Nicht zufällig beobachtet man Enrique, wie er aus der Zeitung eine Meldung ausschneidet, von einem Motorradfahrer, der in einer eisigen Nacht erfroren und erstarrt noch 90 Kilometer weiterfährt. So wie Enrique, der Regisseur im Film, so sammelt auch Almodóvar, der Regisseur des Films, sein Material – die unerhörten Begebenheiten des Medienzeitalters. „Sprich mit ihr“ ging auf so einen fait divers zurück: die Meldung von einer Komapatientin, die, nachdem sie von einem Pfleger vergewaltigt worden war, schwanger wurde und bei der Geburt des Säuglings aus dem Koma aufwachte.
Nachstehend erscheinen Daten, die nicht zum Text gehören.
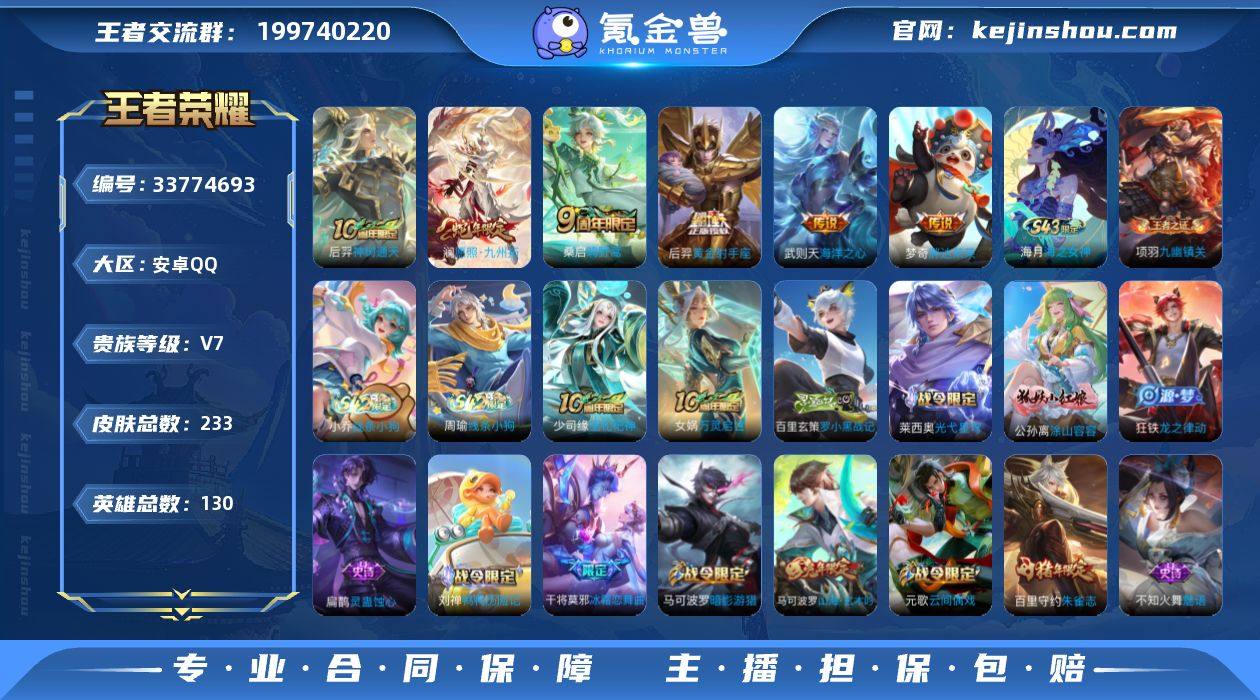 【精品号手慢无】233皮V7,王者印记8个,7500分莱西奥,2星传说,5按键,6传说皮,1荣耀水晶:武则天,敖隐,愿照·九州拓,300+玫瑰,星币1284个。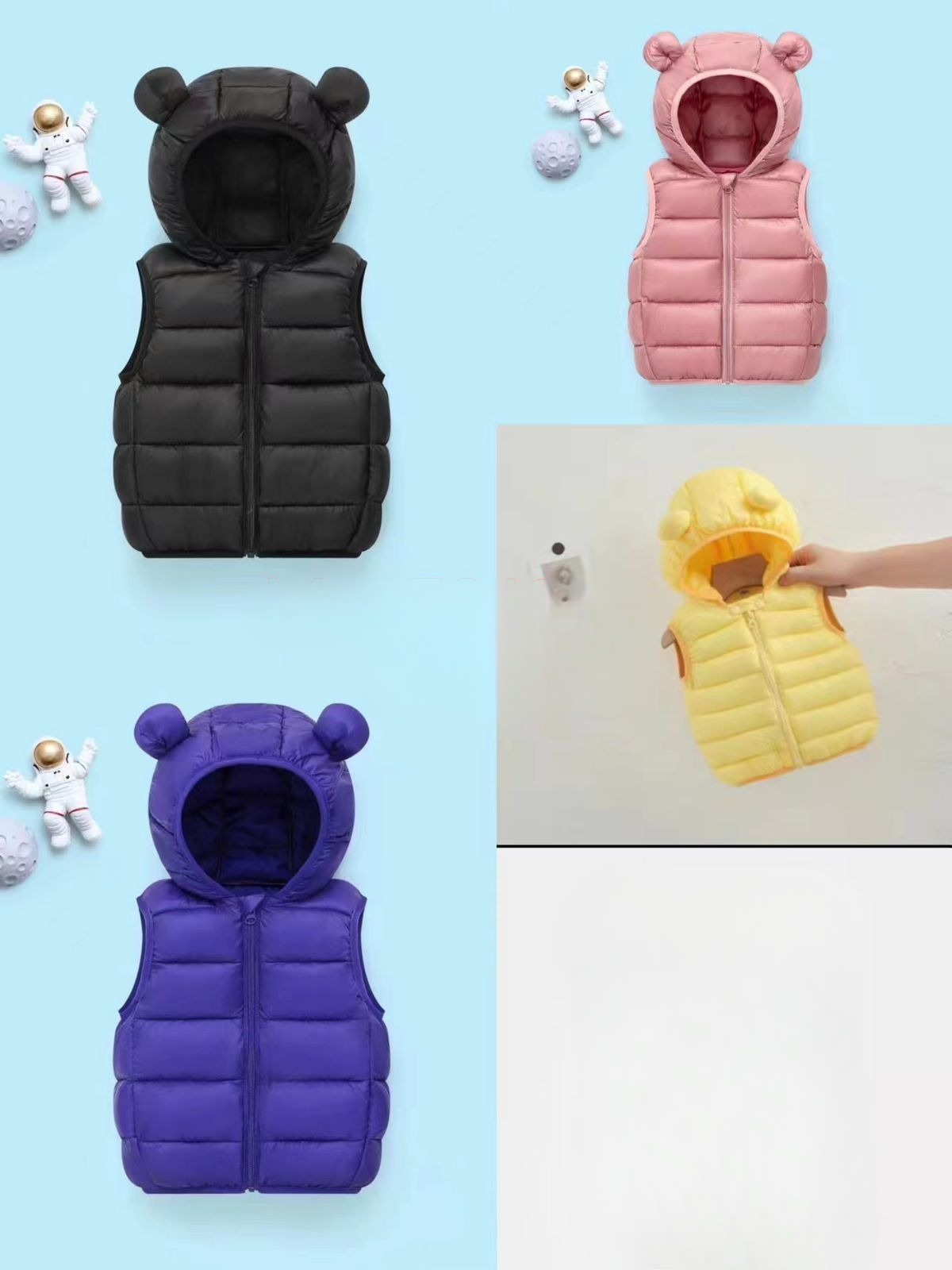 Жилет однотонный стеганый детский на синтепоне. Застежка на молнии. Есть капюшон с ушками. Низ жилета на резинке.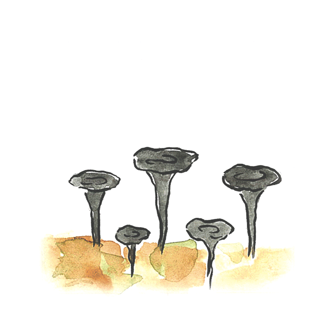 そのなかでも、言わずもがなセップ茸は、その他のキノコたちの中で目を引く変わったフォルムのキノコの王様。その名も「Trompette de la mort」(死者のトランペット)という本当にトランペットみたいな形をした黒いかっこ良いキノコ。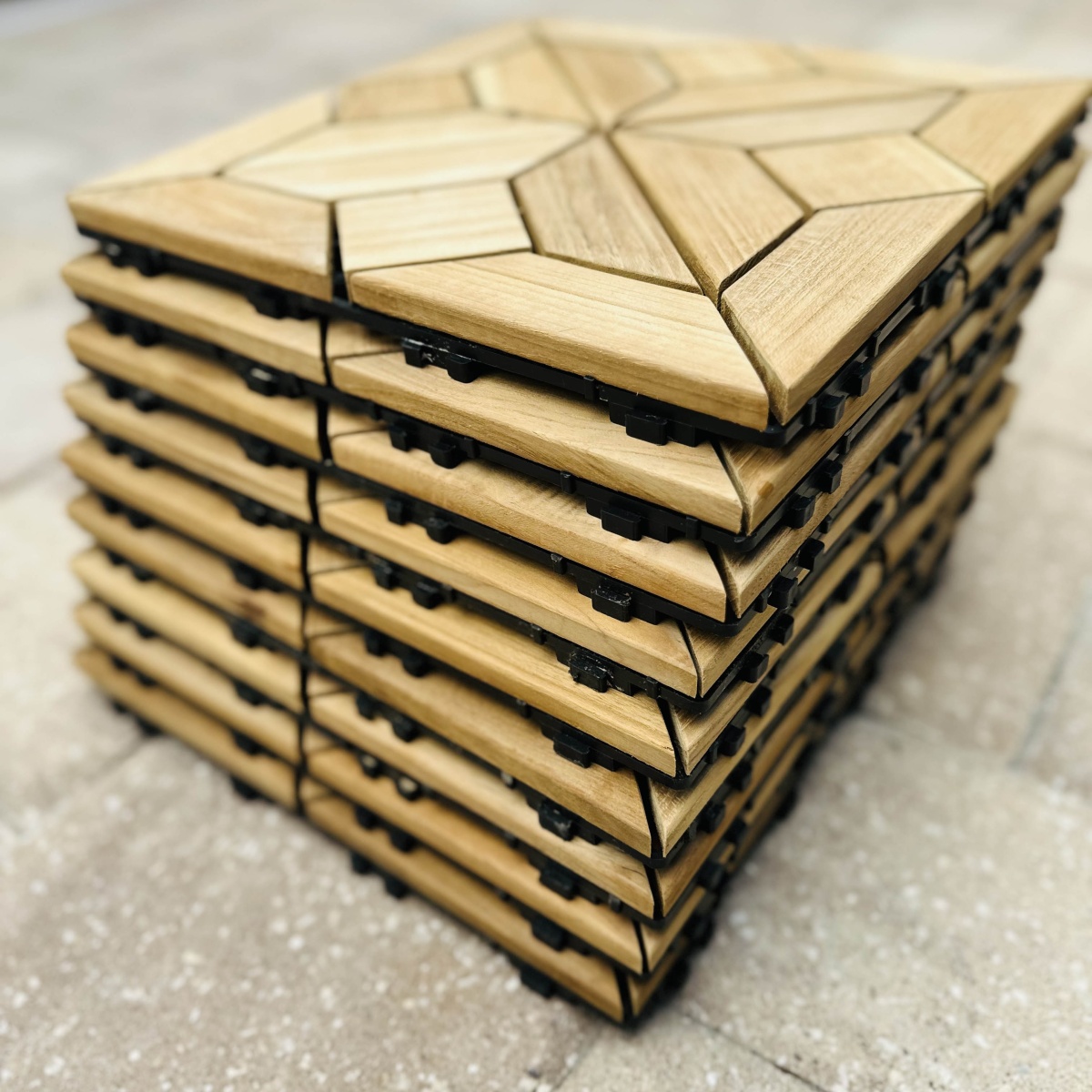 Elevate your indoor and outdoor spaces with our premium teak floor tiles, available in versatile 12" x 12" and exclusive 18" x 18" sizes. Designed for use in decks, patios, living rooms, kitchens, bathrooms, showers, and more, these tiles seamlessly combine sophistication with long-lasting durability.

Ein ins Komische gewendeter Splitter dieser Geschichte bohrt sich in den neuen Film: Zahara vergnügt sich an der Erektion des schlafenden Enrique.

Was „La mala educación“ von den vorangegangenen Filmen unterscheidet, ist die Temperatur. Die Melodramen-Variationen hatten etwas von dem Herz, das in „Alles über meine Mutter“ transplantiert wird: Es schlägt auch im falschen Körper. Es ist warm, es lässt das Blut pulsieren. Der Film, der sich andere Filme einverleibt, pocht trotzdem; Almodóvars Universum des falschen Lebens hat einen warmen Kern.

Das ist in „La mala educación“ anders. So kaltherzig, wie die Figuren einander beobachten und benutzen, so kalt kann der Film sein Publikum lassen. Man mag ihm das vorwerfen: Wo bleibt die Verführungskraft? Wo die Anteilnahme für die Figuren? Man kann die Kühle aber auch als notwendigen Tribut an den Film Noir betrachten – und wird zu dem Schluss kommen, dass niemand existenzielle Fragen – was ist Wahrheit, wenn jeder einen anderen Blick auf ein Geschehen entwickelt? Wie lässt sich erzählen, wenn die einheitliche Erzählung eine Lüge ist? – so elegant und klug in Szene setzt wie Pedro Almodóvar.